42 Ga. App. 293 | Ga. Ct. App. | 1930
1. Where, by the terms of a contract in which one of the parties is denominated the “lessor” and the other party the “lessee,” the lessor leases to the other party the exclusive right, within a certain period of time and within a designated territory, to exhibit designated moving pictures which the lessor agrees to deliver to the lessee at stated intervals during the life of the contract, the lessee agreeing to accept and to pay the lessor a fixed sum of money for each picture when delivered, and where the lessor complies with his part of the contract, the lessee is under an unconditional obligation to accept the pictures under the terms of the contract, and to pay therefor the sums stipulated in the contract; and a refusal by the lessee to accept the pictures constitutes a breach of the contract, and the lessor is entitled to recover damages therefor. Arthur C. Bromberg Attractions v. Chesterfield &c. Corporation, 40 Ga. App. 788 (151 S. E. 567). Under the foregoing ruling and the facts of the instant case, the petition set out a cause of action, and the demurrers, both general and special, were properly overruled.

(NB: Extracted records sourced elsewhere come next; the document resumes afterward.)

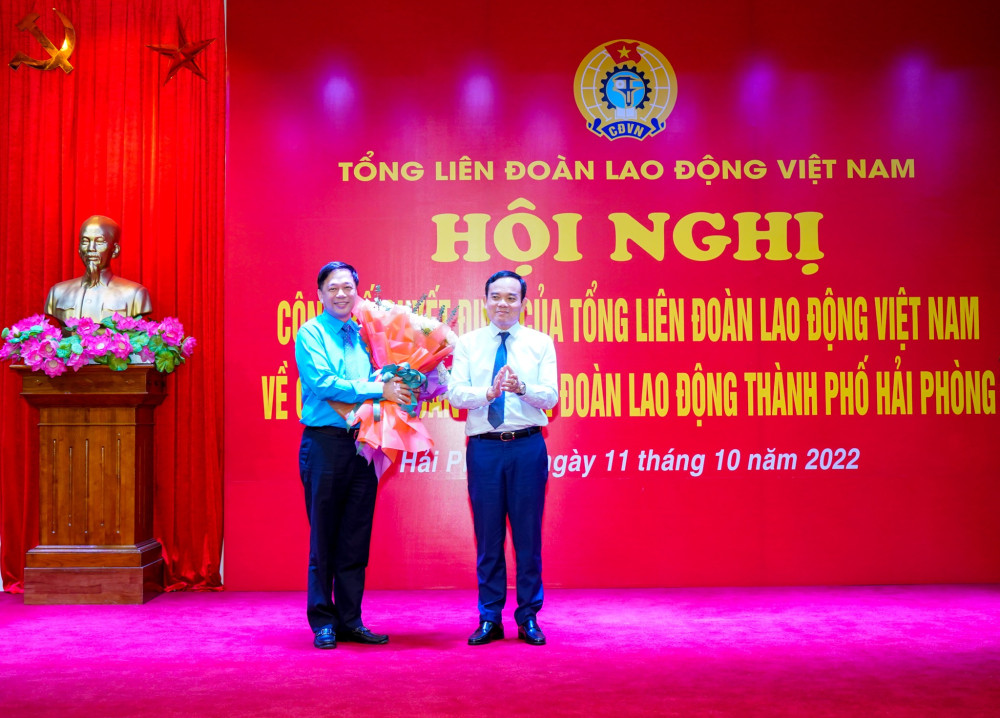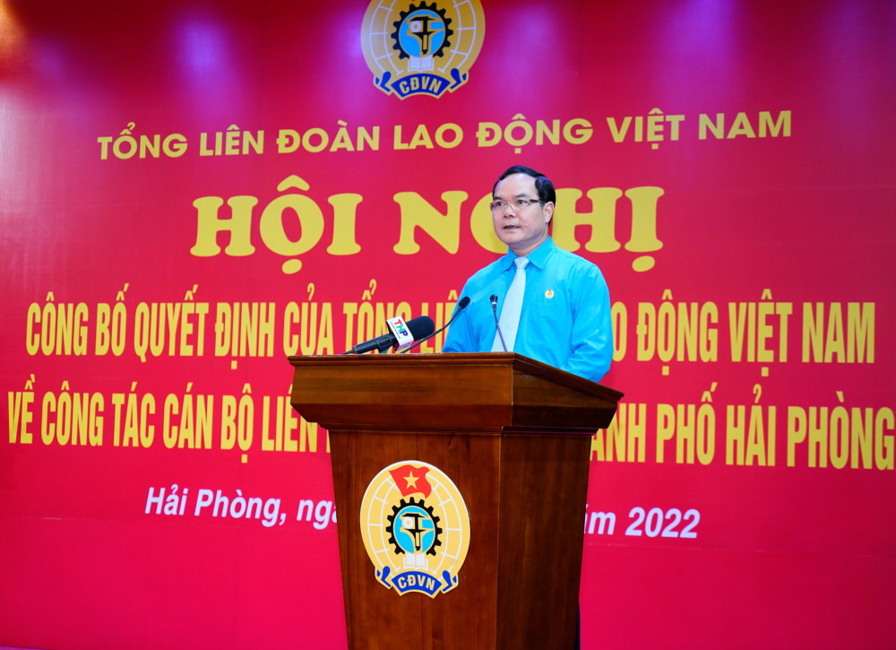 Chiều 11/10, Tổng Liên đoàn Lao động Việt Nam tổ chức Hội nghị công bố Quyết định về công tác cán bộ Liên đoàn Lao động thành phố Hải Phòng.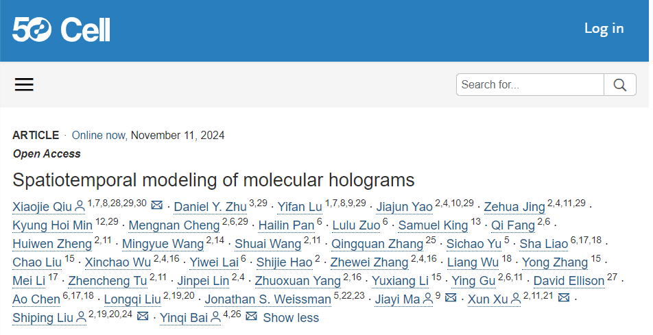 北京时间11月12日,广发体育首届华大创新班毕业生,生命科学学院姚佳俊在本科联合培养期间参与的华大生命科学研究院研究项目成果,以共同第一作者在国际顶级生物学期刊《细胞》(Cell)在线发表,论文题为Spatiotemporal modeling of molecular holograms,广发体育为共同第一作者单位。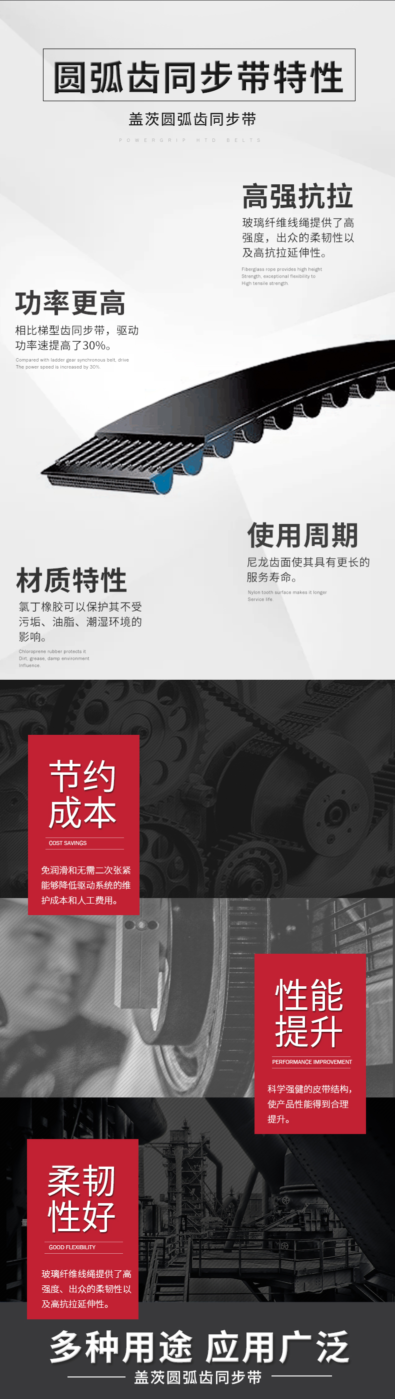 盖茨圆弧齿同步带 PowerGrip HTD 橡胶传动带 工业皮带 966-14M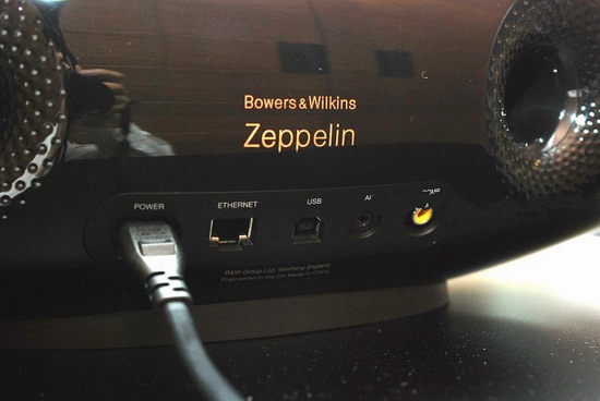 雖然主打無線串流,但B&W也沒有忘記有線的部份,因此背后除了一組以太網絡與USB插孔(也作為韌體升級使用)可與計算機連接外,還有一組AUX(模擬與光纖數)插孔,同時還具有一組RCA輸出。雖然Zeppelin Air僅有一只低音單體,但從照片中可以看到左右兩側各有一個低音反射孔,并采用了B&W使用于800系列旗艦喇叭的Flowport技術,使表面呈現出類似于高爾夫球的凹洞,讓空氣流動更加順暢,減低噪音。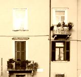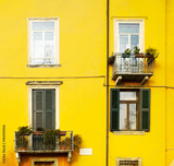 Yellow italian building facade with windows and balconies. Beautiful european historic architecture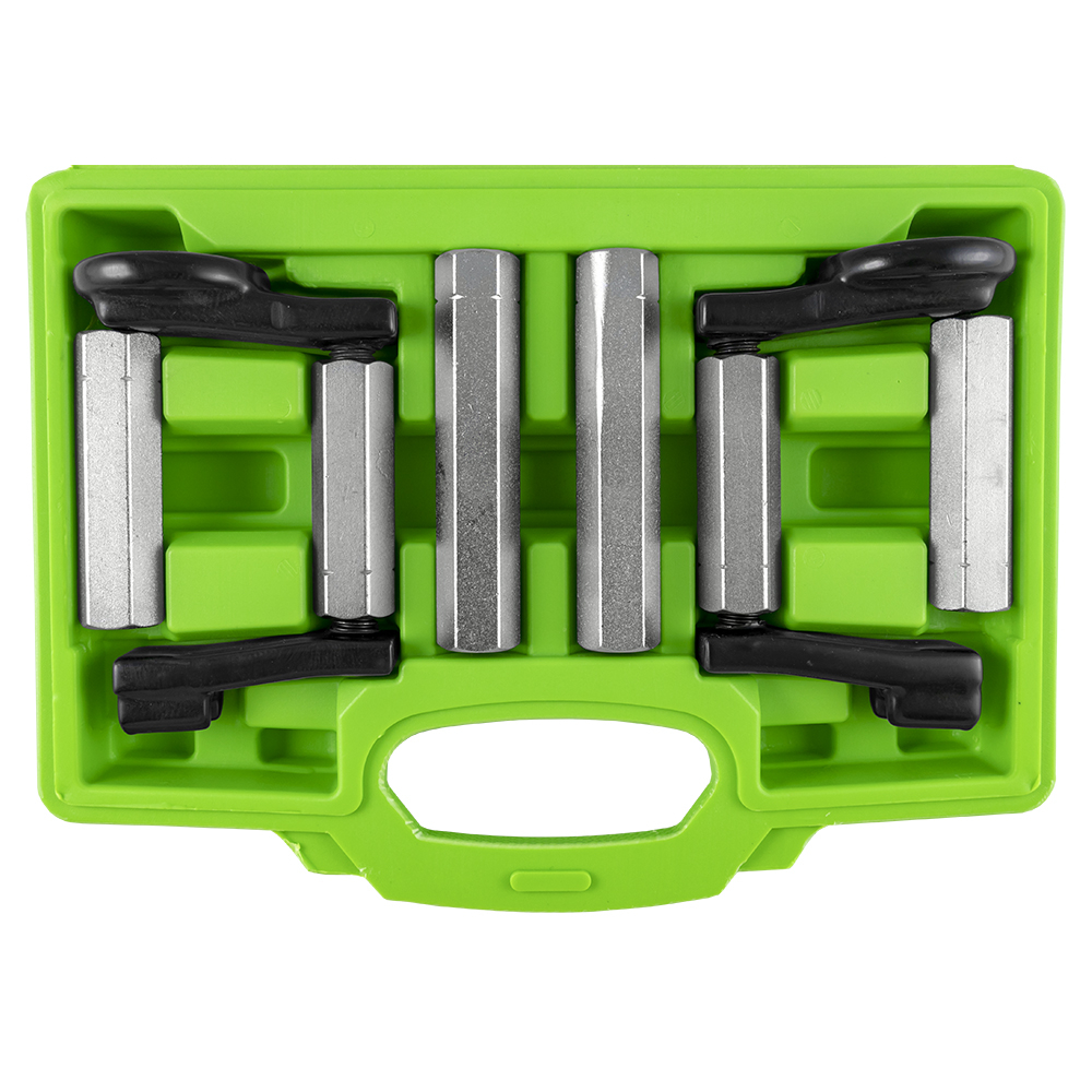 Conjunto de ferramentas metálicas com punhos pretos numa caixa verde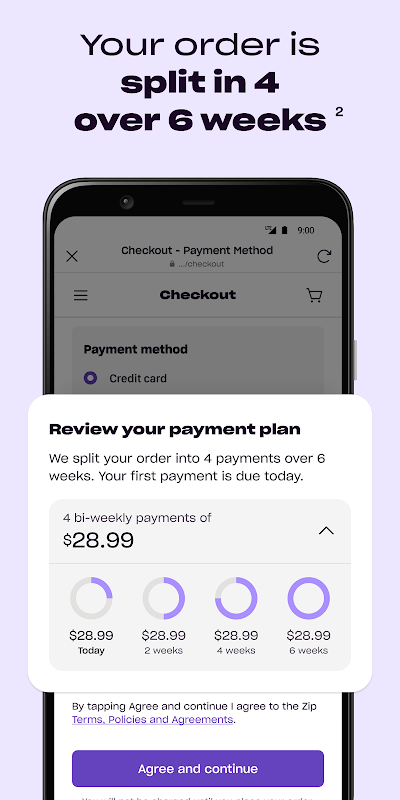 Our buy now, pay later platform helps you pay for your shopping in 4 payments¹. When you use Zip (previously Quadpay), there is no impact on your credit score. We’ll let you know when installments are due, so you’re on top of your split payments & purchases.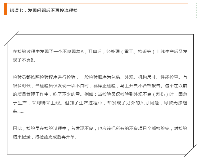 最常見的問題往往也是最難改正的問題,也成為犯錯后推卸責(zé)任的常用借口。以下8個問題是我們在質(zhì)量管理當(dāng)中常碰到的事情。當(dāng)以下錯誤不再出現(xiàn),至少說明內(nèi)部做好了,做到位了。

2. Where the lessor in such a contract brings an action for damages against the lessee for a breach of the contract, and alleges that his damages were the total of the fixed amounts to be paid under the contract for the pictures, and proves upon the trial the execution of the contract and a breach thereof by the lessee, a prima facie case in favor of the plaintiff for the full amount sued for is made out, and the burden is then upon the defendant to prove that the plaintiff could have lessened its damages, and such proof should include sufficient data to allow the jury to reasonably estimate how much the damages could have been mitigated. Vitagraph v. Liberty Theatres, 197 Cal. 694 (242 Pac. 709), and cit.; Branch v. Johnson, 9 Ga. App. 699 (1-d) (71 S. E. 1123). Under the foregoing ruling and the facts of the instant case, the court did not err in directing a verdict in favor of the plaintiff for the full amount sued for, or thereafter in refusing to grant a new trial.
3. The special grounds of the motion for a new trial, not having been insisted upon in the brief of counsel for the plaintiff in error, are treated as abandoned.